--- SUPPLIED RECORDS ---
▽

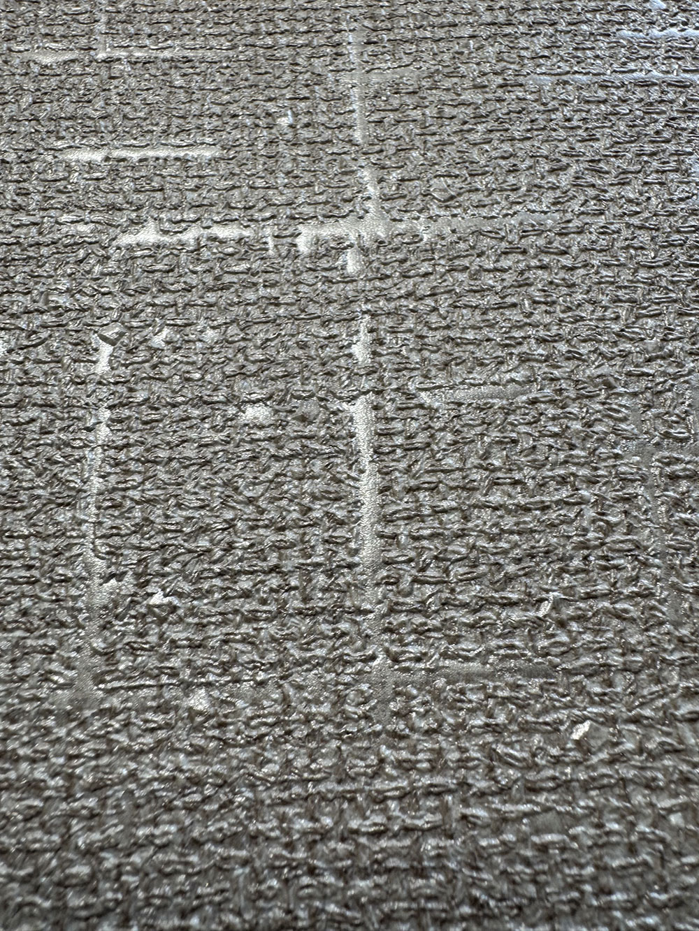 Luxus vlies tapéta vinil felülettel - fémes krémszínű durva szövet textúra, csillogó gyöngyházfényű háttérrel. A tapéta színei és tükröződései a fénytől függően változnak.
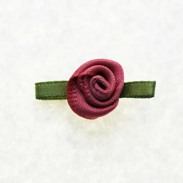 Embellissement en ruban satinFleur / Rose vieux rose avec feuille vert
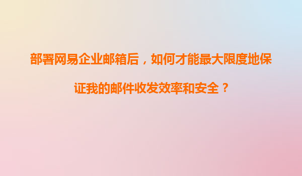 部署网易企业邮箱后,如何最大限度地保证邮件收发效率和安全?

△
▽

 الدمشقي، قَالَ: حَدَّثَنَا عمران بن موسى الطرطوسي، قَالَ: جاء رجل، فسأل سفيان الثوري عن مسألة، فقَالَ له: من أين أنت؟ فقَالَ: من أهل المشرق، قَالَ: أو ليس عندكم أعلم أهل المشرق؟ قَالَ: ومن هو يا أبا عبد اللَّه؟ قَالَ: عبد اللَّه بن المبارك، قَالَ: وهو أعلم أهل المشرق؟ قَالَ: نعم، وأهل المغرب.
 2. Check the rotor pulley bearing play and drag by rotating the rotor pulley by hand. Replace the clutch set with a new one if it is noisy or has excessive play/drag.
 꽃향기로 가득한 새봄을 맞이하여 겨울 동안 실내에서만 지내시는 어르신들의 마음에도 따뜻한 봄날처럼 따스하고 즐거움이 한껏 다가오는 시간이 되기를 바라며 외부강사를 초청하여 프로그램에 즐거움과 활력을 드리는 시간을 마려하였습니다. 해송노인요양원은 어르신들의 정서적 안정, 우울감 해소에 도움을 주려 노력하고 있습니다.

△
▽

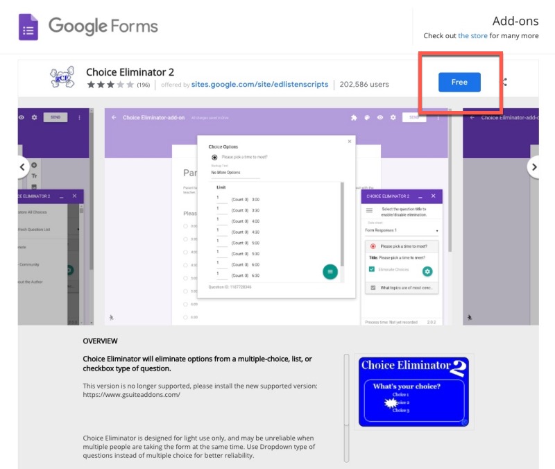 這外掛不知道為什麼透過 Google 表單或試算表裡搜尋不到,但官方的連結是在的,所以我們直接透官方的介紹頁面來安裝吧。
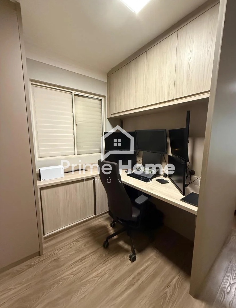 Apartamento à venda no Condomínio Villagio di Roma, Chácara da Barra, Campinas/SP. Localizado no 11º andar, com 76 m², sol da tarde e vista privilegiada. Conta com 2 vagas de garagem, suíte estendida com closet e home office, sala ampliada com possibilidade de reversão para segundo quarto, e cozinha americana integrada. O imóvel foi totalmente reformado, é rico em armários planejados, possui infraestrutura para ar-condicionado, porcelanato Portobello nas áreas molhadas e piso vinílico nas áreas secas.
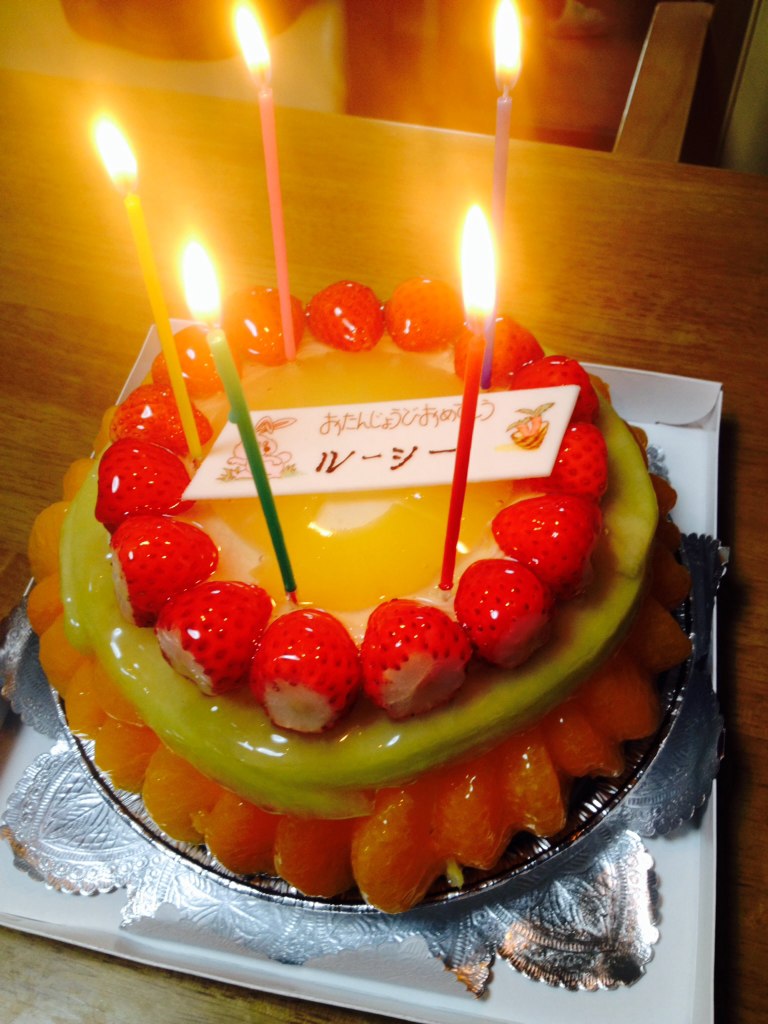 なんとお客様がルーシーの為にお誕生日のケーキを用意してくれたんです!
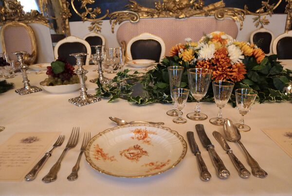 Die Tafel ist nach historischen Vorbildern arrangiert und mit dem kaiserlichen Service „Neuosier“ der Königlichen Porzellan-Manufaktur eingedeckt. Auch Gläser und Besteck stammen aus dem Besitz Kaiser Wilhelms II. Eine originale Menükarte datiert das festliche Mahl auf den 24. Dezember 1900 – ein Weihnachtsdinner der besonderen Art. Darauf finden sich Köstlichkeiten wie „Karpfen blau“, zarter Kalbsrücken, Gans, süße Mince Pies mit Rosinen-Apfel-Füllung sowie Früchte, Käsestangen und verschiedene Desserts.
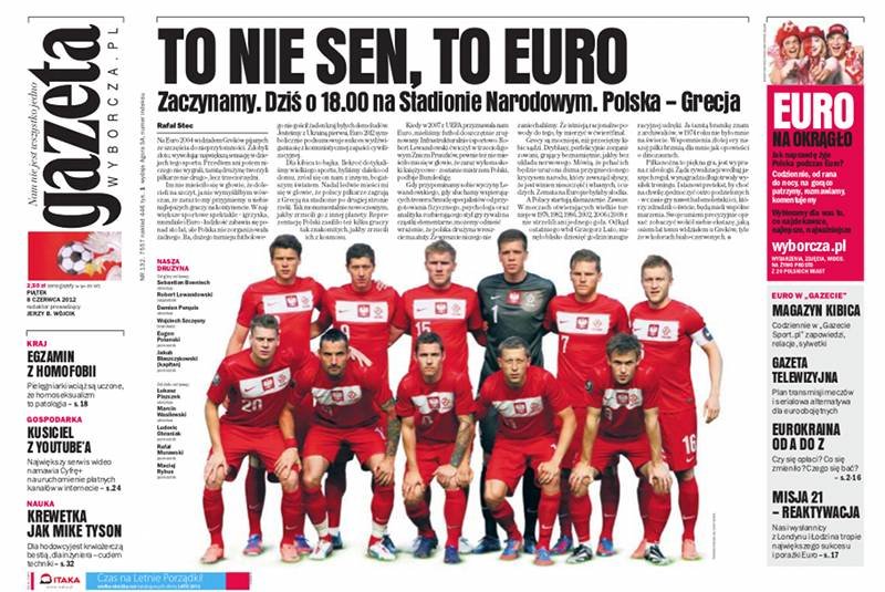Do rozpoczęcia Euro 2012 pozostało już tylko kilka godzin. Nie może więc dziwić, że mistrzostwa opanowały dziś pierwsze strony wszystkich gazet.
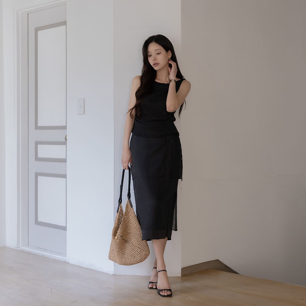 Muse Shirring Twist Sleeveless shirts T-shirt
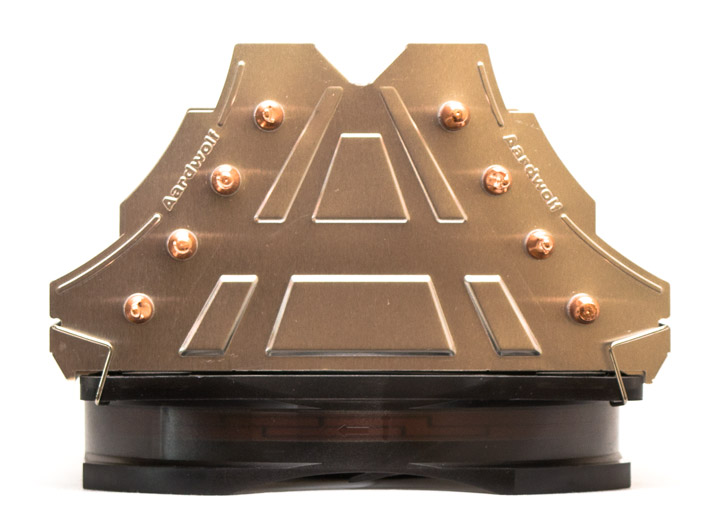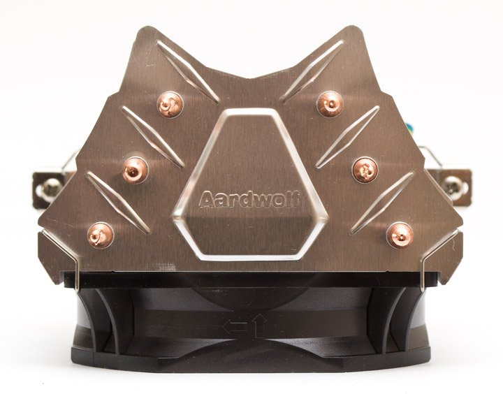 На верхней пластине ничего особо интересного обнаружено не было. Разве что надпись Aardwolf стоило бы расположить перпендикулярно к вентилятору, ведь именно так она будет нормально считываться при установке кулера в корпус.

△

--- AIM OF THE EXERCISE ---
Take the material above from the line bearing "Luxus vlies tapéta" through the line bearing "部署网易企业邮箱后,如何最大限度地保证邮件收发效率和安全?" and write it out exactly, both end lines included. Pictures stay out.

--- EXERCISE SOLUTION ---
 Luxus vlies tapéta vinil felülettel - fémes krémszínű durva szövet textúra, csillogó gyöngyházfényű háttérrel. A tapéta színei és tükröződései a fénytől függően változnak.
 Embellissement en ruban satinFleur / Rose vieux rose avec feuille vert
 部署网易企业邮箱后,如何最大限度地保证邮件收发效率和安全?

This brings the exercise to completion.